### [Source data]
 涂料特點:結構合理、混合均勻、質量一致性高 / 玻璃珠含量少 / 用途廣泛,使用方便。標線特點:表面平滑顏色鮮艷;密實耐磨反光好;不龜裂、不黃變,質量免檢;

---

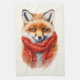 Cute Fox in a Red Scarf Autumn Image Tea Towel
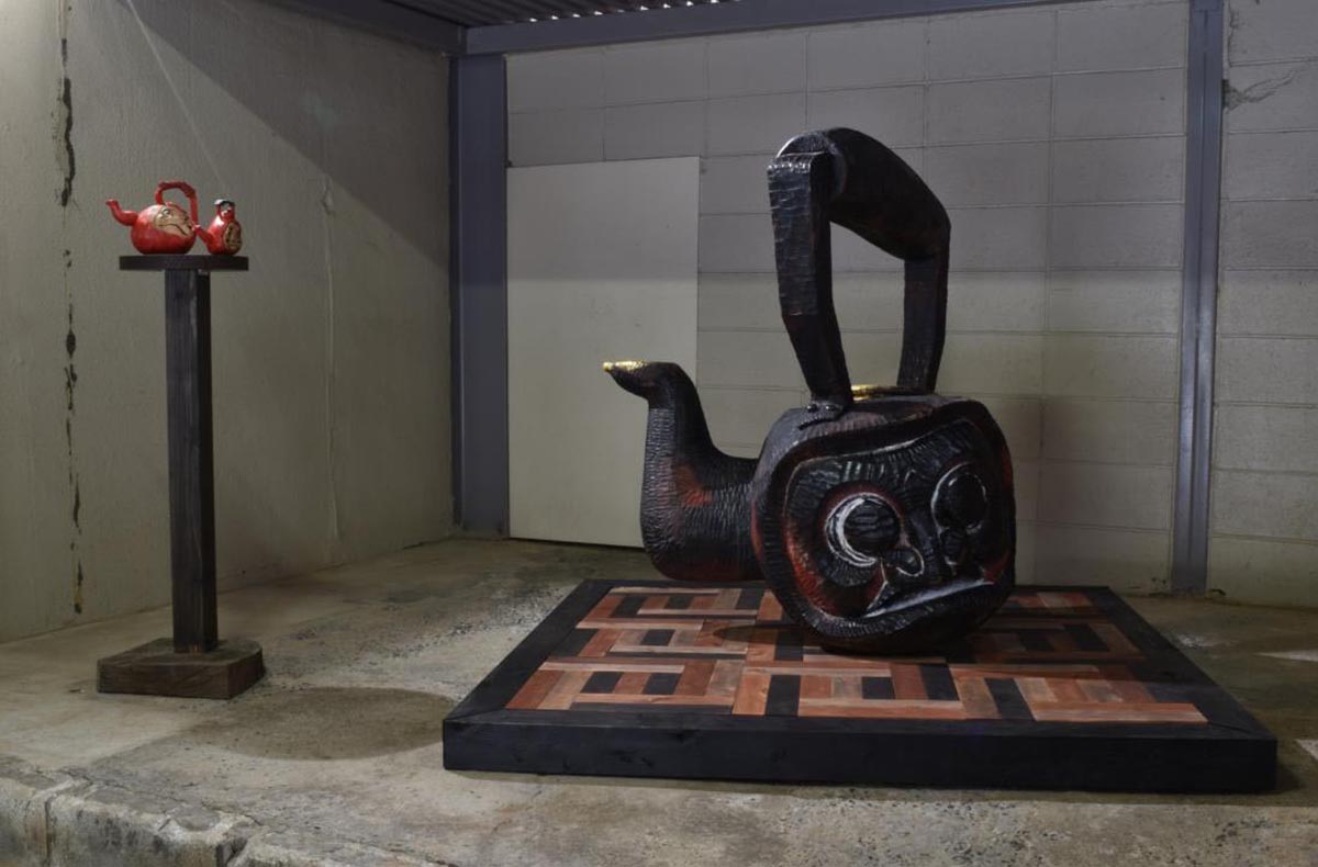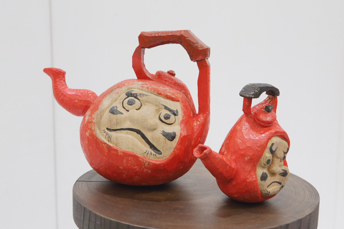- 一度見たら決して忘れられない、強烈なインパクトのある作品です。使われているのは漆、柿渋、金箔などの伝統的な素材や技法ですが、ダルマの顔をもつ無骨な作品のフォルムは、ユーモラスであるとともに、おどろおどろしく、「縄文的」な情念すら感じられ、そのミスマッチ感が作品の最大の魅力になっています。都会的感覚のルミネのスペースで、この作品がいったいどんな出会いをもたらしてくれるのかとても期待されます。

### [What the task asks]
A clean copy is needed of the lines above from the one with "Cute Fox in" up to and including the one with "- 一度見たら決して忘れられ". Please set it down exactly, with no pictures.

### [Answer space]
 Cute Fox in a Red Scarf Autumn Image Tea Towel
- 一度見たら決して忘れられない、強烈なインパクトのある作品です。使われているのは漆、柿渋、金箔などの伝統的な素材や技法ですが、ダルマの顔をもつ無骨な作品のフォルムは、ユーモラスであるとともに、おどろおどろしく、「縄文的」な情念すら感じられ、そのミスマッチ感が作品の最大の魅力になっています。都会的感覚のルミネのスペースで、この作品がいったいどんな出会いをもたらしてくれるのかとても期待されます。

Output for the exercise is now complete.